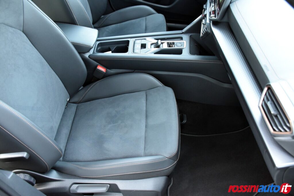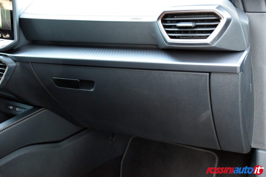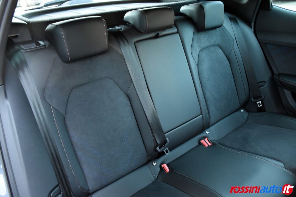 2 USB Tipo C anteriori e 2 posteriori, 7 airbag (2 frontali, 2 laterali, 2 tendina, 1 centrale), ABS (Sistema di frenata antibloccaggio), Alzacristalli elettrici anteriori e posteriori, Avvisatore acustico mancato allacciamento cintura di sicurezza, Battitacco portiere anteriori illuminato, Bocchette della ventilazione con dettagli in color rame, Bracciolo anteriore con portaoggetti integrato, Bracciolo posteriore, Cielo abitacolo nero, Climatronic tri-zona con sistema Air-care, Cornice finestrini in colore nero lucido, ACC Adaptive Cruise control, CUPRA Virtual Cockpit, DAB – Digital Audio Broadcasting, Doppio terminale di scarico visibile, Drive profile select, ESP (Controllo elettronico della stabilità), Fari fendinebbia LED con funzione cornering, Fari Full Led con indicatori di direzione dinamici, Freno di stazionamento elettrico, Front assist con sistema di frenata di emergenza e rilevamento pedoni e ciclisti, Full Link Wireless (funzione wireless disponibile con Apple CarPlay), Illuminazione ambientale a LED Smart Wraparound (cruscotto e portiere anteriori), Illuminazione Coast-to-coast con Welcome light (cerimonia di apertura e chiusura), Illuminazione interna a LED, Kessy Advanced (Sistema di avviamento senza chiave), Lane Assist (sistema di mantenimento della corsia), Limitatore di velocità, Logo CUPRA sulla griglia frontale e sul portellone posteriore, Paraurti e spoiler posteriore sportivi, Prese da 12 V anteriore e nel vano bagagli, Proiezione “CUPRA” sotto gli specchietti retrovisori esterni, Regolazione lombare sedile conducente, Sedili anteriori supersportivi Bucket in tessuto e similpelle con design CUPRA, Sedili posteriori abbattibili e ripiegabili 1/3 e 2/3, Sensori di parcheggio anteriori e posteriori, Sistema ancoraggio ISOFIX x2 (i-Size) + Top Tether x2 nei sedili posteriori, Sistema di controllo della pressione pneumatici, Sistema di rilevamento della stanchezza, Sistema E-Call (chiamata di emergenza), Sospensioni sportive CUPRA, Specchietti esterni grigio lucido riscaldati e richiudibili elettricamente, Sterzo progressivo, Tyre fit, Vetri posteriori oscurati, Volante multifunzione in pelle con design CUPRA e levette del cambio, XDS (Sistema differenziale elettronico).
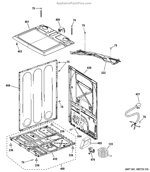 This replacement top cover is the dryer's upper cabinet panel in Diamond Gray. It restores proper fit and a clean exterior when the original is dented, bent, or rusted, and can help reduce vibration noise from a warped or loose top.
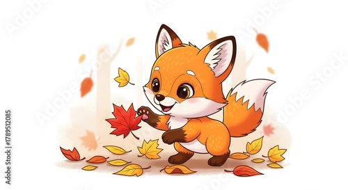 Cute cartoon fox playing with autumn leaves in a whimsical forest setting.
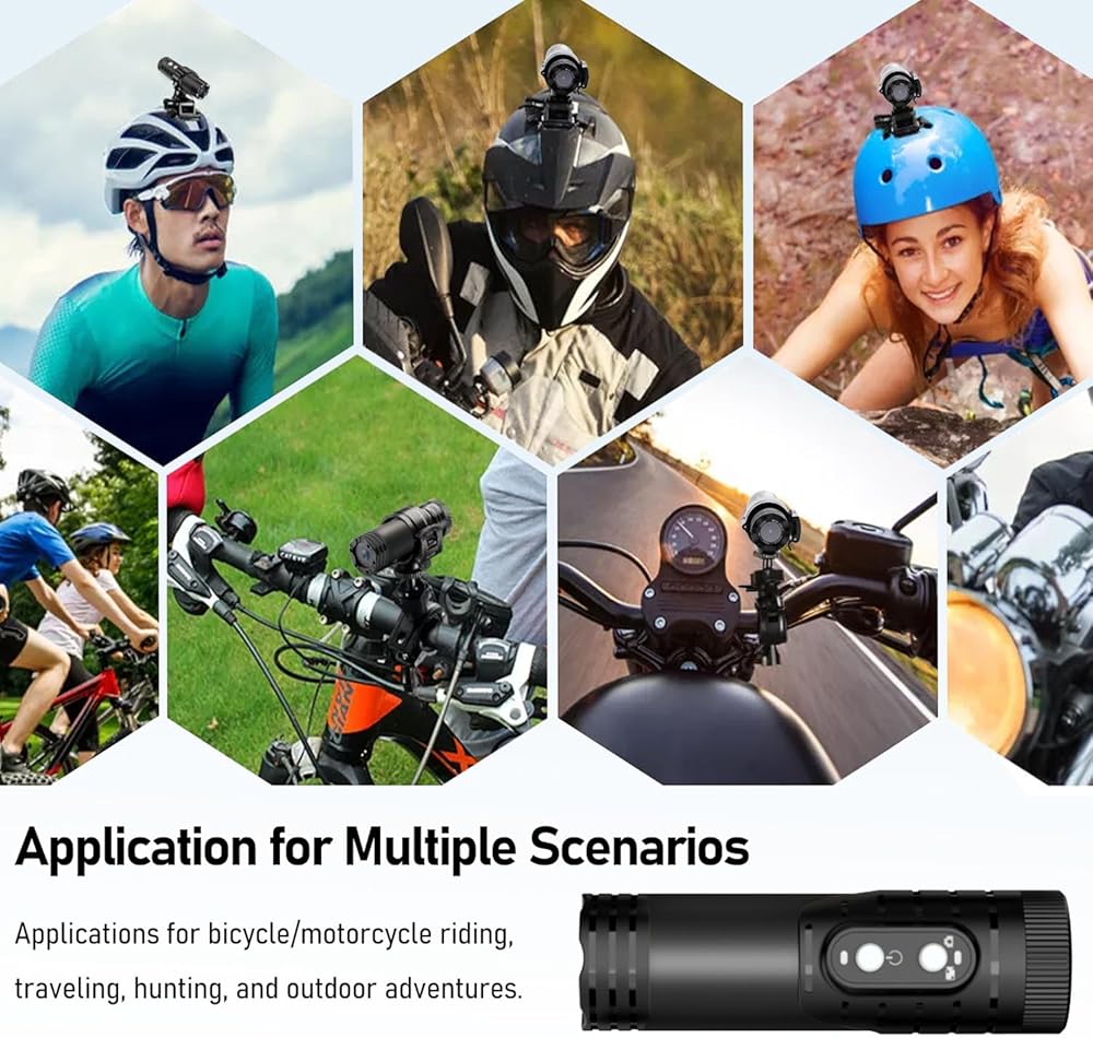 Lightweight & Durable: Weighing just 80g, this motorcycle helmet cam is perfect for motorcycling, biking, skiing, and more. It provides diverse mounting options for handlebars, helmets, etc. Adapt to different needs, get ideal angles to record adventures from various perspectives.
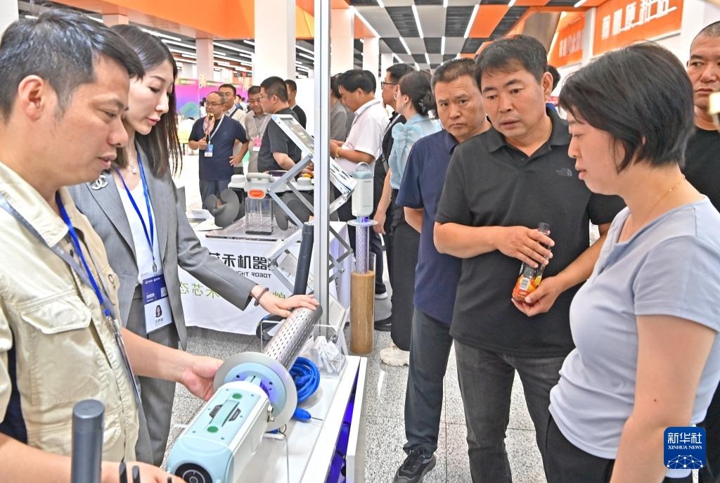 7月12日,觀眾在沈陽國際展覽中心參觀糧食監(jiān)測器械。新華社記者 周華 攝
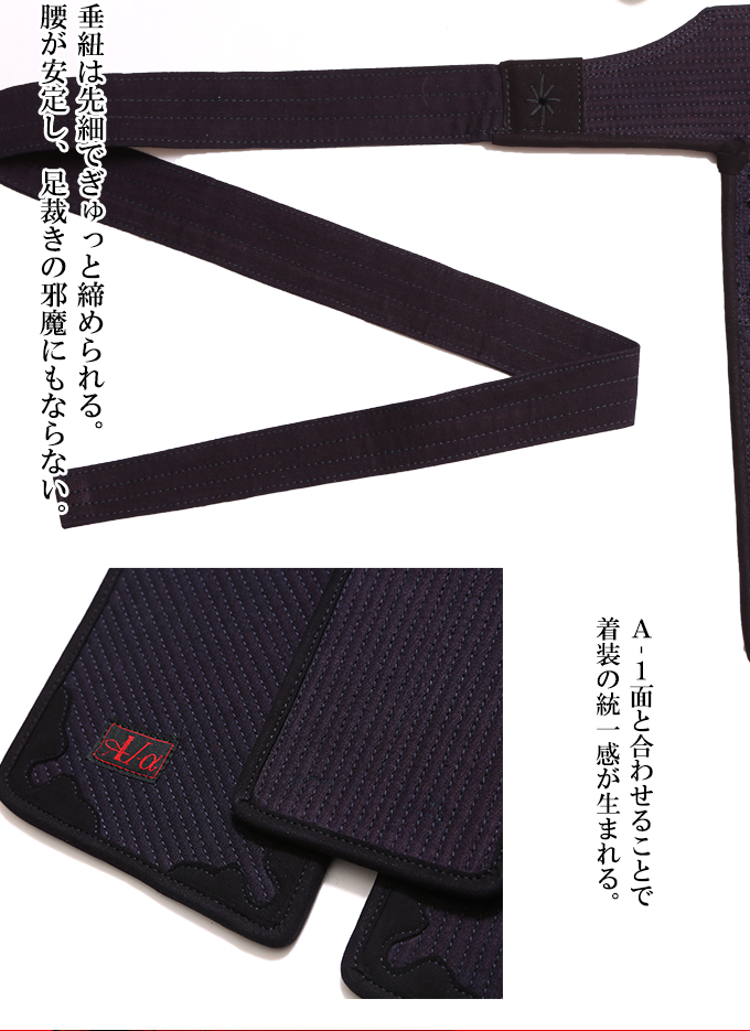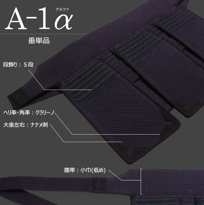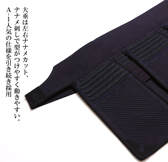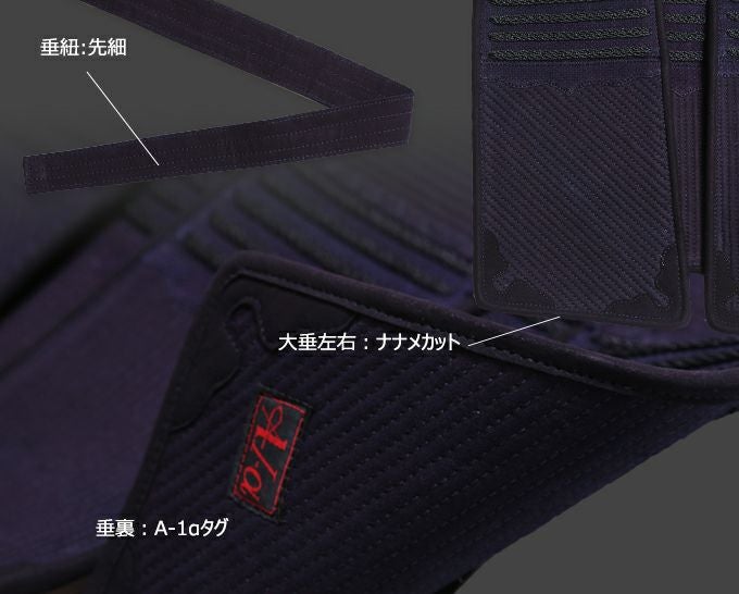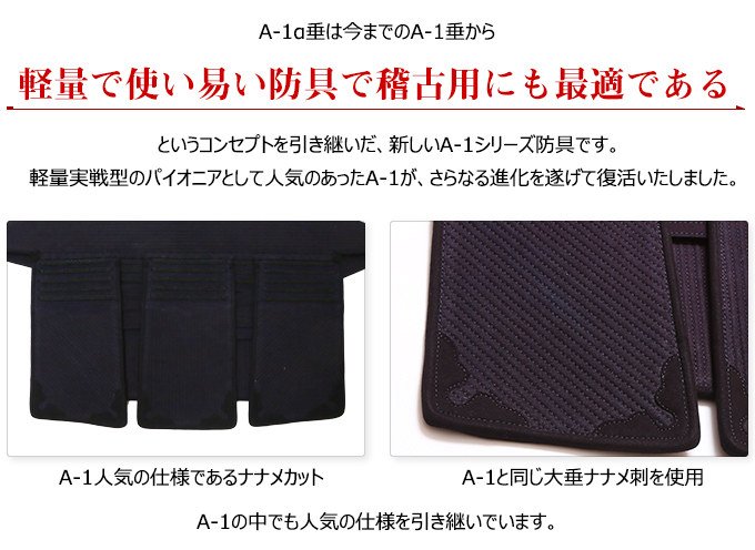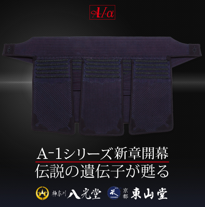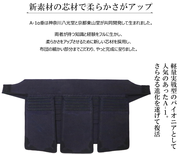 伝説の遺伝子が甦る 軽量実戦型のパイオニアとして人気のあったA-1。 さらなる進化を遂げて復活。 大垂小垂はナナメカット、ナナメ刺と人気の仕様を採用いたしました。 芯材はさらに柔らかさを出すために新しい物を使い、 顎の形や布団の細かい部分まで神奈川八光堂と共同開発した A-1シリーズの新しい防具です。
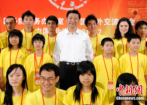 中共中央政治局常委、中国国家副主席习近平与参加夏令营的青少年合影。中新社发 廖攀 摄
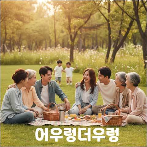 '어우렁더우렁'은 여러 사람이 한데 모여서 다 같이 즐겁게 지내는 모양을 뜻합니다. "어울리다"라는 말에 흥겨운 가락이 붙은 것 같지요? 마치 잔잔한 물결이 이쪽저쪽으로 부드럽게 넘실거리듯, 사람들이 서로 어깨를 맞대고 웃고 떠들며 하나가 되는 모습입니다.

____________________

**TASK STATEMENT:**
Using the material above, transcribe exactly the lines from the one holding "Lightweight & Durable: Weighing" to the one holding "7月12日,觀眾在沈陽國際展覽中心參觀糧食監(jiān)測器械。新華社記者 周華 攝", both ends kept. Do not carry over any pictures.

**EXERCISE RESULT:**
 Lightweight & Durable: Weighing just 80g, this motorcycle helmet cam is perfect for motorcycling, biking, skiing, and more. It provides diverse mounting options for handlebars, helmets, etc. Adapt to different needs, get ideal angles to record adventures from various perspectives.
 7月12日,觀眾在沈陽國際展覽中心參觀糧食監(jiān)測器械。新華社記者 周華 攝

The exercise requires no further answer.